_REQUIRED WORK_
Please give the data below again in full, exactly as it stands.

_Records drawn from a dataset_
*** Begin section ***

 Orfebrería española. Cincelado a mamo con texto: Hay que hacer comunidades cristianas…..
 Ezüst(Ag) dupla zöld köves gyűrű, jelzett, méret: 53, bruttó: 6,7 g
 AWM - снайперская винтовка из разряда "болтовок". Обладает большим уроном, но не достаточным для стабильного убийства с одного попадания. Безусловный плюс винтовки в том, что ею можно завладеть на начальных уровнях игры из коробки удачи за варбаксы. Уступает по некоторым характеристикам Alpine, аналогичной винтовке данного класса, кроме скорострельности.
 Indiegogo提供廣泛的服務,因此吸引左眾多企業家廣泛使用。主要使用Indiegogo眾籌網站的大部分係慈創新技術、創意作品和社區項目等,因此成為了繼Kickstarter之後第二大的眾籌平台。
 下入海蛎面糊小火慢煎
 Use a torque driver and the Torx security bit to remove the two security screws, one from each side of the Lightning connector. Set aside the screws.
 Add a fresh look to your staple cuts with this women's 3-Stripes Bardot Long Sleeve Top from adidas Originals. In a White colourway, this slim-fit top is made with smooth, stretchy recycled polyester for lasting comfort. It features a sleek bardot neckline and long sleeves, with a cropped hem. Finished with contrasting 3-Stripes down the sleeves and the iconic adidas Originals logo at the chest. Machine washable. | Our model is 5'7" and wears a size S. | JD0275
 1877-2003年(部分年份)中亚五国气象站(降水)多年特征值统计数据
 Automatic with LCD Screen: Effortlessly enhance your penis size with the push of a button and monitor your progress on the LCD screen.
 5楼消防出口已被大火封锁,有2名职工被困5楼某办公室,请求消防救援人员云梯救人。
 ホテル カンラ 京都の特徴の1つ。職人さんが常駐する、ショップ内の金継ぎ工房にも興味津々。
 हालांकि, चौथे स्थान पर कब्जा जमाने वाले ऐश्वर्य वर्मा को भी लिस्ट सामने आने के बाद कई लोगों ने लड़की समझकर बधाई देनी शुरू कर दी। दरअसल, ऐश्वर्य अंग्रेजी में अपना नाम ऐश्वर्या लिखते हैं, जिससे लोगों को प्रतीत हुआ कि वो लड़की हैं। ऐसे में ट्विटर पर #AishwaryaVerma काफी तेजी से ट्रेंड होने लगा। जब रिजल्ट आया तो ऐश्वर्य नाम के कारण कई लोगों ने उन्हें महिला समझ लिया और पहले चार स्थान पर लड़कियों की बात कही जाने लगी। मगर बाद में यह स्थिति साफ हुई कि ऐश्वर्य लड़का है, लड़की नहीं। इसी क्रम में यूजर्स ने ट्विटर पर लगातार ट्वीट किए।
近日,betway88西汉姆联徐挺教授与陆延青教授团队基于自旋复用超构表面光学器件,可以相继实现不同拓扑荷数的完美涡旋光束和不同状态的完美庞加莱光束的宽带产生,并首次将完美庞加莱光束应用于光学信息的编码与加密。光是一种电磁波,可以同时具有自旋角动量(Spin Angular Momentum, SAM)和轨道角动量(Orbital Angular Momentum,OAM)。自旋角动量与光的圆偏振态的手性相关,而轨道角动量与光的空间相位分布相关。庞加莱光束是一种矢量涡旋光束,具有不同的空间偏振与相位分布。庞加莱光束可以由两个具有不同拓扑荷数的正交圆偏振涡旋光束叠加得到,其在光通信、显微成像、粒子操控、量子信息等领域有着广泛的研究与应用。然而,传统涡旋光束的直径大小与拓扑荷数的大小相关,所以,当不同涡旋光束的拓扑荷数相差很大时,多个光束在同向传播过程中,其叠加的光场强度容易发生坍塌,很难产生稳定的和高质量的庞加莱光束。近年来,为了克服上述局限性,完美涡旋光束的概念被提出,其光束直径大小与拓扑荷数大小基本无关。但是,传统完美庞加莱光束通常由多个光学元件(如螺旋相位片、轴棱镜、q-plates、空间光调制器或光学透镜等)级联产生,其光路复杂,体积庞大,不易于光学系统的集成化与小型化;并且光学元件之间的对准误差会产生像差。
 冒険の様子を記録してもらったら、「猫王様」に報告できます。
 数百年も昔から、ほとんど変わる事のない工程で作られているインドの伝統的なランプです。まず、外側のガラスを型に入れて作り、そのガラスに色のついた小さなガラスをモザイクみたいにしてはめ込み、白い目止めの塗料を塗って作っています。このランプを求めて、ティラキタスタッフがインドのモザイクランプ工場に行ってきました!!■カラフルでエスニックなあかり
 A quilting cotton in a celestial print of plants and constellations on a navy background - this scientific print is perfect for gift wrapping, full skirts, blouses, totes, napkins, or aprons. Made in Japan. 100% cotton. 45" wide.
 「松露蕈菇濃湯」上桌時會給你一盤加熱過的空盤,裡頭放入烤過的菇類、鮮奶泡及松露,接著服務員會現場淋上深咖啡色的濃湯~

*** End section ***

_RESPONSE AREA_
 Orfebrería española. Cincelado a mamo con texto: Hay que hacer comunidades cristianas…..
 Ezüst(Ag) dupla zöld köves gyűrű, jelzett, méret: 53, bruttó: 6,7 g
 AWM - снайперская винтовка из разряда "болтовок". Обладает большим уроном, но не достаточным для стабильного убийства с одного попадания. Безусловный плюс винтовки в том, что ею можно завладеть на начальных уровнях игры из коробки удачи за варбаксы. Уступает по некоторым характеристикам Alpine, аналогичной винтовке данного класса, кроме скорострельности.
 Indiegogo提供廣泛的服務,因此吸引左眾多企業家廣泛使用。主要使用Indiegogo眾籌網站的大部分係慈創新技術、創意作品和社區項目等,因此成為了繼Kickstarter之後第二大的眾籌平台。
 下入海蛎面糊小火慢煎
 Use a torque driver and the Torx security bit to remove the two security screws, one from each side of the Lightning connector. Set aside the screws.
 Add a fresh look to your staple cuts with this women's 3-Stripes Bardot Long Sleeve Top from adidas Originals. In a White colourway, this slim-fit top is made with smooth, stretchy recycled polyester for lasting comfort. It features a sleek bardot neckline and long sleeves, with a cropped hem. Finished with contrasting 3-Stripes down the sleeves and the iconic adidas Originals logo at the chest. Machine washable. | Our model is 5'7" and wears a size S. | JD0275
 1877-2003年(部分年份)中亚五国气象站(降水)多年特征值统计数据
 Automatic with LCD Screen: Effortlessly enhance your penis size with the push of a button and monitor your progress on the LCD screen.
 5楼消防出口已被大火封锁,有2名职工被困5楼某办公室,请求消防救援人员云梯救人。
 ホテル カンラ 京都の特徴の1つ。職人さんが常駐する、ショップ内の金継ぎ工房にも興味津々。
 हालांकि, चौथे स्थान पर कब्जा जमाने वाले ऐश्वर्य वर्मा को भी लिस्ट सामने आने के बाद कई लोगों ने लड़की समझकर बधाई देनी शुरू कर दी। दरअसल, ऐश्वर्य अंग्रेजी में अपना नाम ऐश्वर्या लिखते हैं, जिससे लोगों को प्रतीत हुआ कि वो लड़की हैं। ऐसे में ट्विटर पर #AishwaryaVerma काफी तेजी से ट्रेंड होने लगा। जब रिजल्ट आया तो ऐश्वर्य नाम के कारण कई लोगों ने उन्हें महिला समझ लिया और पहले चार स्थान पर लड़कियों की बात कही जाने लगी। मगर बाद में यह स्थिति साफ हुई कि ऐश्वर्य लड़का है, लड़की नहीं। इसी क्रम में यूजर्स ने ट्विटर पर लगातार ट्वीट किए।
近日,betway88西汉姆联徐挺教授与陆延青教授团队基于自旋复用超构表面光学器件,可以相继实现不同拓扑荷数的完美涡旋光束和不同状态的完美庞加莱光束的宽带产生,并首次将完美庞加莱光束应用于光学信息的编码与加密。光是一种电磁波,可以同时具有自旋角动量(Spin Angular Momentum, SAM)和轨道角动量(Orbital Angular Momentum,OAM)。自旋角动量与光的圆偏振态的手性相关,而轨道角动量与光的空间相位分布相关。庞加莱光束是一种矢量涡旋光束,具有不同的空间偏振与相位分布。庞加莱光束可以由两个具有不同拓扑荷数的正交圆偏振涡旋光束叠加得到,其在光通信、显微成像、粒子操控、量子信息等领域有着广泛的研究与应用。然而,传统涡旋光束的直径大小与拓扑荷数的大小相关,所以,当不同涡旋光束的拓扑荷数相差很大时,多个光束在同向传播过程中,其叠加的光场强度容易发生坍塌,很难产生稳定的和高质量的庞加莱光束。近年来,为了克服上述局限性,完美涡旋光束的概念被提出,其光束直径大小与拓扑荷数大小基本无关。但是,传统完美庞加莱光束通常由多个光学元件(如螺旋相位片、轴棱镜、q-plates、空间光调制器或光学透镜等)级联产生,其光路复杂,体积庞大,不易于光学系统的集成化与小型化;并且光学元件之间的对准误差会产生像差。
 冒険の様子を記録してもらったら、「猫王様」に報告できます。
 数百年も昔から、ほとんど変わる事のない工程で作られているインドの伝統的なランプです。まず、外側のガラスを型に入れて作り、そのガラスに色のついた小さなガラスをモザイクみたいにしてはめ込み、白い目止めの塗料を塗って作っています。このランプを求めて、ティラキタスタッフがインドのモザイクランプ工場に行ってきました!!■カラフルでエスニックなあかり
 A quilting cotton in a celestial print of plants and constellations on a navy background - this scientific print is perfect for gift wrapping, full skirts, blouses, totes, napkins, or aprons. Made in Japan. 100% cotton. 45" wide.
 「松露蕈菇濃湯」上桌時會給你一盤加熱過的空盤,裡頭放入烤過的菇類、鮮奶泡及松露,接著服務員會現場淋上深咖啡色的濃湯~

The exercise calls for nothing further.